Ordens dos Médicos e Farmacêuticos excluídas de grupo de dispensa de medicamentos em proximidade
As duas ordens profissionais demonstram-se chocadas com a decisão e alertam que o grupo criado para desempenhar a tarefa será inútil
As ordens dos médicos e dos farmacêuticos estão chocadas por terem sido excluídas do grupo de trabalho para estudar a dispensa de medicamentos em proximidade e dizem que, nos moldes em que foi criado, este grupo será inútil.
“Ficamos mais chocados sobretudo quando as duas ordens, e naturalmente os seus profissionais, que é quem está no terreno, durante o período da pandemia fizeram um esforço absolutamente excepcional para garantir que conseguíamos que nenhum doente em Portugal ficasse sem a sua medicação durante o período do confinamento”, disse à Lusa a bastonária da Ordem dos Farmacêuticos.
Ana Paula Martins recorda que “foram os farmacêuticos hospitalares, os da rede de farmácias, os médicos que nos hospitais que fazem a prescrição destes medicamentos, em conjunto e com o apoio de todos os parceiros do sector, como a indústria farmacêutica e a distribuição, que conseguiram que esta situação não fosse mais um problema”.
Considera que há falta de transparência no processo e que questiona os critérios para a escolha de algumas unidades hospitalares para o grupo de trabalho, em detrimento de outras.
“Alguns, como o Hospital de São João, ou o Centro Hospitalar de Coimbra, até conseguimos entender, pois têm experiências nesta área da entrega de proximidade, mas, por exemplo, o Centro Hospitalar Lisboa Central, que foi o primeiro a iniciar projectos de proximidade, em 2015, com medicamentos para o VIH/Sida não foi incluído. Porquê?”, questiona a bastonária.
Ana Paula Martins diz ainda ser incompreensível a inclusão no grupo de trabalho de dois elementos da Comissão de Farmácia e Terapêutica: “Isto prova uma coisa a muito grave: falta de transparência na governação, sobretudo numa altura em que devíamos estar todos unidos”.
Num comunicado conjunto, as duas ordens profissionais sublinham que foram igualmente excluídos “de forma absurda” os representantes dos doentes e os parceiros do sector farmacêutico e da distribuição.
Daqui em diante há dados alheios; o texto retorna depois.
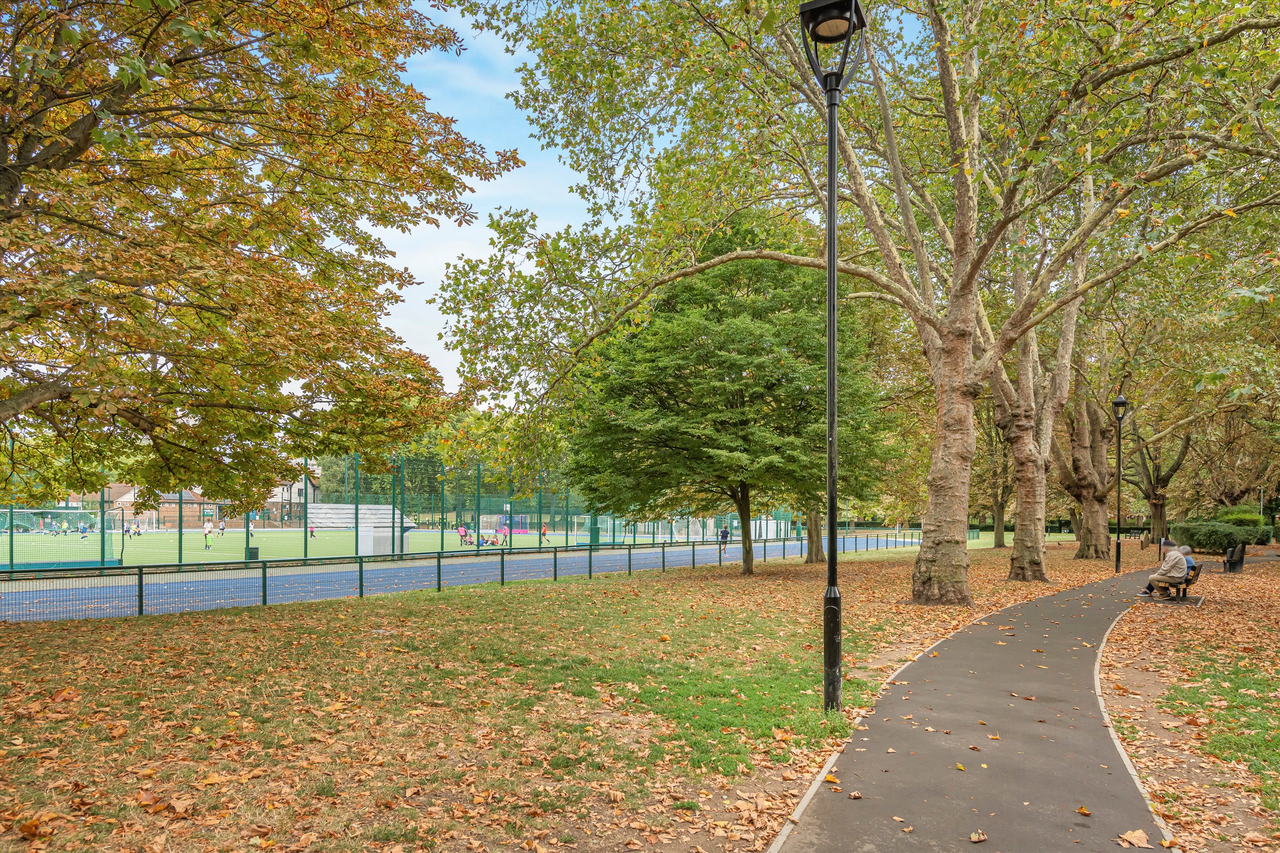 A delightful one-bedroom flat and modern comfort in a beautiful period mansion block, with peaceful views overlooking the park. An inviting open-plan reception, thoughtfully laid out for both living and dining. The fully fitted kitchen offers style and functionality.The bay-fronted bedroom features built-in wardrobes, providing practical storage. A sleek, modern bathroom completes the home with contemporary flair.

“Os reais beneficiários desta medida, os doentes, ficam na mera posição de poderem vir a ser ouvidos, caso o grupo de trabalho assim o entenda”, afirmam.
Consideram ainda que o prazo de 60 dias que o grupo de trabalho tem para concluir as propostas, que corresponde aos meses de Agosto e Setembro, “antecipa um processo ineficiente, que nada acrescenta às experiências que estão no terreno há mais de dois anos”.
No comunicado, as ordens dizem também que esta exclusão de profissionais e doentes da discussão sobre temas que lhes dizem directamente respeito revela o Ministério da Saúde “uma faceta de prepotência e pouco democrática, como se fosse “dono disto tudo"”.
Recordam que a dispensa de medicamentos hospitalares num regime de maior proximidade está a ser estudada há mais de 20 anos pelo Infarmed, com experiências-piloto no terreno desde 2015, e lembram que impulsionaram, durante a pandemia, o alargamento de um serviço de entrega dos medicamentos habitualmente dispensados nas farmácias hospitalares ao domicílio dos utentes ou através das farmácias comunitárias por eles escolhidas.
“O projecto contou com a colaboração de 20 associações de doentes, envolveu mais 30 hospitais e mais de 2.000 farmácias comunitárias, dando resposta a mais de 13.000 utentes”, sublinham.
As ordens dos médicos e farmacêuticos consideram que, nos moldes em que foi constituído, este grupo de trabalho se revela “inútil e simples consumidor de tempo e recursos”.
O despacho que cria o grupo de trabalho, publicado esta semana, é constituído por representantes do Infarmed, da Comissão Nacional de Farmácia e Terapêutica, do Centro Hospitalar Universitário de Lisboa Norte, do Centro Hospitalar Universitário de São João, do Centro Hospitalar e Universitário de Coimbra, do Instituto Português de Oncologia -- Lisboa, do Hospital Garcia de Orta e do Centro Hospitalar Tondela-Viseu.
Quanto aos representantes dos doentes, o despacho refere que “compete ao Grupo de Trabalho, no âmbito dos trabalhos a desenvolver, a decisão de consultar e envolver as associações representativas do sector, as associações de doentes ou outras entidades que considere relevantes”.
"Ficará longe de assegurar as condições para que o País possa enfrentar novas vagas da pandemia de covid-19 e o próximo inverno”, acrescentam.